Exam Details – ISTQB CT-GenAI Certification

  • Exam Body: ISTQB (International Software Testing Qualifications Board)

  • Exam Name: ISTQB Certified Tester – Testing with Generative AI (CT-GenAI)

  • Exam Format: Multiple Choice Questions (MCQs)

  • Certification Validity: Lifetime (no expiration; no renewal required)

  • Number of Questions: 40 questions in the real exam

  • Exam Duration: 60 minutes (75 minutes for non-native English speakers)

  • Passing Score: 65% (26 out of 40 correct answers)

  • Question Weightage: 1 point each (some multi-point scenario questions may appear)

  • Difficulty Level: Specialist-level (Foundation prerequisite required)

  • Language: English (localized versions may be available)

  • Exam Availability: Online proctored exam or in test centers (depending on region)

  • Prerequisite: ISTQB Foundation Level certification

Detailed Syllabus and Topic Weightage

The ISTQB CT-GenAI exam is structured around 5 major syllabus areas.
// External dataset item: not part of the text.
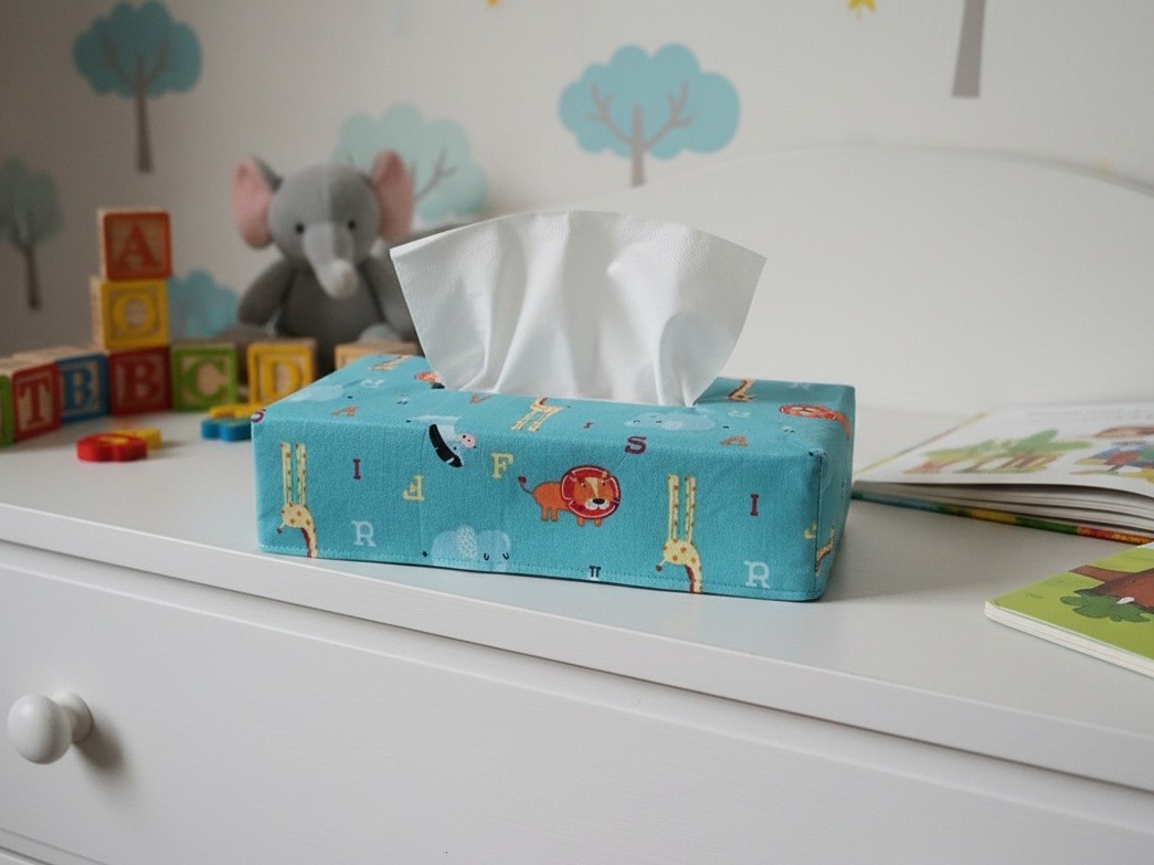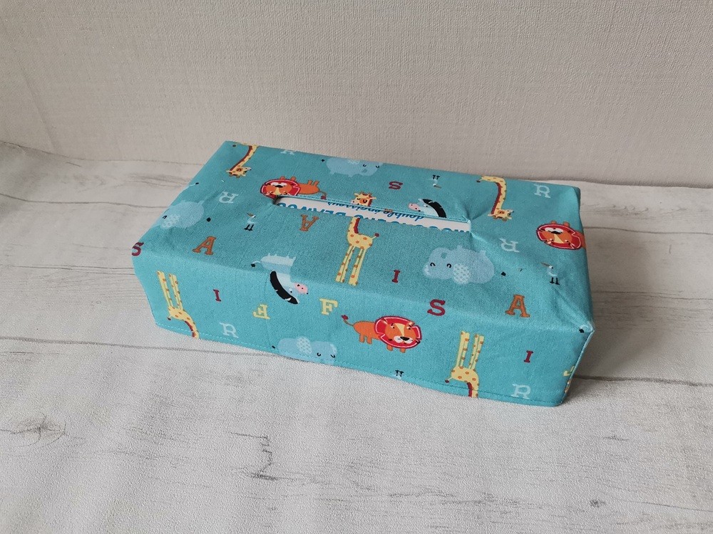 Housse pour boite à mouchoirs coton bleu et motifs animaux

Below is a detailed breakdown along with the approximate exam weightage:

1. Introduction to Generative AI for Software Testing (~12%)

  • Understand the role and relevance of Generative AI in software testing.

  • Differentiate Symbolic AI, Machine Learning, Deep Learning, and Generative AI.

  • Explain the architecture and working principles of Large Language Models (LLMs).

  • Define core concepts: tokenization, embeddings, context window, and transformer architecture.

  • Compare foundation models, instruction-tuned, and reasoning LLMs.

  • Describe multimodal and vision-language models.

  • Apply Generative AI to requirements analysis, test design, and defect prediction.

  • Distinguish between AI chatbots, LLM-powered assistants, and test tools.

2. Prompt Engineering for Effective Software Testing (~45%)

  • Define the structure of an effective prompt: Role, Context, Instruction, Input, Constraints, and Output.

  • Differentiate zero-shot, one-shot, few-shot, and chain-of-thought prompting.

  • Explain the concept of meta-prompting and self-improving prompt loops.

  • Compare system prompts vs. user prompts and their usage in testing contexts.

  • Use prompting for:

    • Test analysis and design

    • Automated regression test generation

    • Exploratory testing and defect identification

    • Test monitoring and control

  • Evaluate and refine LLM outputs using quality metrics and iterative feedback.

  • Identify bias and prompt sensitivity issues and apply mitigation techniques.

3. Managing Risks of Generative AI in Software Testing (~20%)

  • Identify hallucinations, reasoning errors, and biases in Generative AI systems.

  • Explain the impact of data quality and model limitations on test outcomes.

  • Describe methods to reduce non-deterministic and inconsistent AI outputs.

  • Understand security and privacy concerns when using AI for testing.

  • Evaluate sustainability and energy efficiency in GenAI testing pipelines.

  • Apply governance, compliance, and AI ethics in testing projects.

  • Define responsible AI principles and transparency measures.

4. LLM-Powered Test Infrastructure (~13%)

  • Explain architectural patterns for integrating LLMs into test automation frameworks.

  • Describe Retrieval-Augmented Generation (RAG) and its application in QA.

  • Understand fine-tuning, embeddings, and vector database use in AI testing workflows.

  • Discuss the role of AI agents and multi-agent systems in test execution and reporting.

  • Implement LLMOps principles for continuous improvement of AI-driven testing systems.

  • Outline monitoring, logging, and scaling approaches for GenAI testing platforms.

5. Deploying and Integrating Generative AI in Test Organizations (~10%)

  • Define the organizational roadmap for adopting Generative AI in testing.

  • Recognize risks of Shadow AI and establish governance controls.

  • Develop strategies for AI adoption, tool selection, and process integration.

  • Select appropriate LLMs and small language models (SLMs) based on testing goals.

  • Plan for upskilling testers in prompt engineering and AI literacy.

  • Manage change and measure ROI in GenAI-driven test transformation projects.

Learning Outcomes

By the end of this course, learners will be able to:

  • Explain Generative AI fundamentals and their testing implications.

  • Design structured prompts to generate effective and reliable test artifacts.

  • Identify and mitigate risks like hallucinations and data bias in AI testing.

  • Implement LLMOps and AI infrastructure in modern testing ecosystems.

  • Develop GenAI testing strategies for enterprise adoption and maturity growth.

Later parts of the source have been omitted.